Two pre-Islamic Revolution directors of National Iranian Radio and Television (NIRT), Mahmoud Ja'farian and Parviz Nikkhah, and the French daily Journal de Tehran's editor, Simon Farzami, were executed. The Managing-Director of an influential weekly magazine, Khandaniha (Reader's Digest), Ali Asghar Amirani, and a playwright and poet, Saeed Soltanpour, were killed by a firing squad. Jalal Hashemi Tangestani was assassinated and died of unknown causes. The Assistant Editor of the daily Kayhan, Rahman Hatefi, died behind bars under torture. Popular TV showman, poet, and crooner, Fereydoun Farrokhzad, was stabbed to death in Bonn, Germany. Prominent researcher, author, historian and poet, Ali Akbar Sa'eedi Sirjani, was killed in intelligence services' custody.

Furthermore, the Islamic Republic agents assassinated lawyer and former MP, Reza Mazlouman (aka Kourosh Aryamanesh) in Paris; author and translator Ghaffar Hosseini; prominent Iranologist and professor of ancient Iranian languages, Ahmad Tafazzoli; journalist Ebrahim Zalzadeh, poet and political activist, Ms. Parvaneh Parastou; author and translator, Pirouz Davani; writer and ideologist, Majid Sharif; and members of Iranian Writers Association, Mohammad Mokhtari and Mohammad Ja'far Pouyandeh, in Tehran. Meanwhile, a prominent author and translator, Ahmad Mir Ala'ee, and the poet and researcher Hamid Hajizadeh and his ten-year-old son were assassinated in Isfahan and Kerman, respectively.

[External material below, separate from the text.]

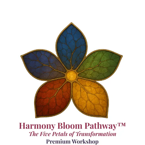 Inside the bootcamp, we trace your story from old scripts → sacred turning point → new, light-filled chapter – a small taste of the work you'll do inside the Harmony Bloom Pathway™

Several writers and journalists, including Iranian-Canadian photojournalist Ms. Zahra Kazemi, bloggers Sattar Beheshti, Omid Reza Mir Sayafi, and Ya'qoub Mir Nehad, and journalists Alireza Eftekhari and Hoda Saber were killed in the Islamic Republic's prisons.

Haleh Sahabi, a journalist and political activist, died after being physically attacked at her father's funeral.

The administrator of a social media news channel with millions of followers, Paris-based Ruhollah Zam, was lured into Iraq, abducted, and taken back to Tehran, and executed.

A failed attempt to kill 21 Iranian journalists, writers, and poets on a bus destined for Armenia also must be added to the list of Iranian crimes against writers and people involved in media.

Iran is solely responsible for all these crimes. This process's precedence and continuity clearly show that, regardless of which political camp has been in power in Iran, the Islamic Republic regime has always brutally dealt with journalists and writers who it considered unfavorable.

Some of these writers and journalists have been assassinated by the Iranian government when the judiciary and the country's security services were simultaneously in the hands of the so-called reformist faction or the fundamentalists.

The saga of all those who have spent their best years of journalism or literary and artistic creation in forced silence, exile, prison, and grappling with censorship is another painful story needing a different feature.

The opinions expressed are those of the author and do not necessarily reflect the views of Radio Farda.